They tried it all. They reached into a deep tool kit to help kids from battered neighborhoods.
They hired bright, young teachers. They stretched the school day to 5 o'clock. They made sure every kid got art, music and foreign language. They cut summer vacation to a month, so kids remembered what they learned. They had a dress code, to buck up discipline. They limited classes to 20 kids. Look in the Book of Innovations, and Pinnacle is the poster school.
And still -- in the eyes of state Education Department bureaucrats -- it "failed."
State Ed voted this week to pull Pinnacle's charter. After nine years, the Buffalo K-through-8 school will close. The lives of 560 kids, their parents and their teachers will be scrambled. All because of -- you guessed it -- low test scores.
That should sound familiar.
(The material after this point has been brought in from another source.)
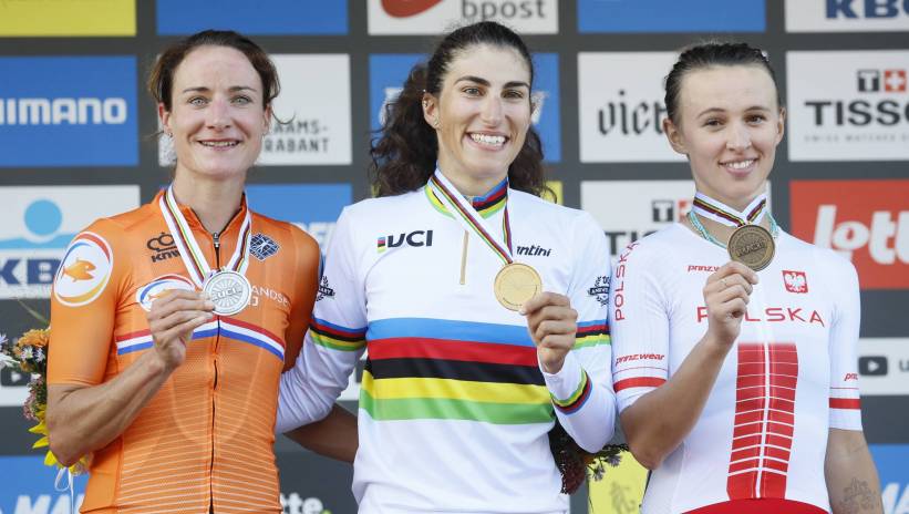 Katarzyna Niewiadoma zdobyła w belgijskim Leuven brązowy medal mistrzostw świata w kolarskim wyścigu ze startu wspólnego elity. Zwyciężyła po finiszu z niewielkiej grupy Włoszka Elisa Balsamo, a drugie miejsce zajęła Holenderka Marianne Vos.

State Ed is force-feeding reform -- and dangling a $5.6 million carrot -- to a half-dozen of Buffalo's "failing" traditional public schools because of, yes, low test scores. Pinnacle -- where 9 in 10 kids are lower-income -- has something in common with the district schools under State Ed's microscope: All of them are overstuffed with disadvantaged kids.
I think I see a pattern.
Which gets me to the point: The reforms and creativity that State Ed bureaucrats want from Buffalo's "failing" schools have been practiced for years at Pinnacle. And it still "failed." And that, I think, presents what educators call a teachable moment. Not about the schools, but about State Ed's unreasonable expectations.
When even schools that throw every innovation against the wall "fail," the conclusion is inescapable: The problem with these schools -- whether district or charter -- is not "bad" teachers, "bad" programs or "bad" principals. It is classrooms filled with disadvantaged kids.
That's not me talking. Studies show that key factors in how kids do in school are the income and education level of their parents. As education reformer Alfie Kohn put it, "Non-instructional factors explain most of the [difference] among test scores when schools or districts are compared."
In other words, student performance depends largely on what happens outside the classroom, as well as in it. It's a lesson that State Ed bureaucrats have yet to learn. Stuff an overwhelming number of poor kids -- 4 in 5 Buffalo schoolkids qualify for free lunches -- in the same school, and it is not hard to guess what the test scores will be. Kohn said that force-feeding the test-based standards pushed by State Ed "has approximately the same effect on learning that a noose does on breathing."
I have long carried the flag for charter schools and the bigger tool kit they -- unshackled by union rules -- bring for disadvantaged kids. These kids need all the help they can get, and charters are Gumby-flexible.
When even innovative charters "fail," it underlines the absurdity of measuring inner-city schools by the same test-score yardstick as schools filled with the offspring of college grads. Pinnacle is hardly alone; M&T Bank-backed Westminster and Enterprise are creative charters on State Ed's watch list.
If State Ed wanted to embrace fairness, it would acknowledge the flashing-neon reality and ease up on test scores, or grade schools filled with disadvantaged kids on a curve. Either that or start busing these kids to upscale suburban schools. That would spread throughout the region the challenge of educating needy kids.
We all know how far that idea would get.
Pinnacle was sacrificed on the altar of unreasonable expectations. State Ed bureaucrats can claim a victory for "accountability." But there are 560 kids, their teachers and their parents who just lost.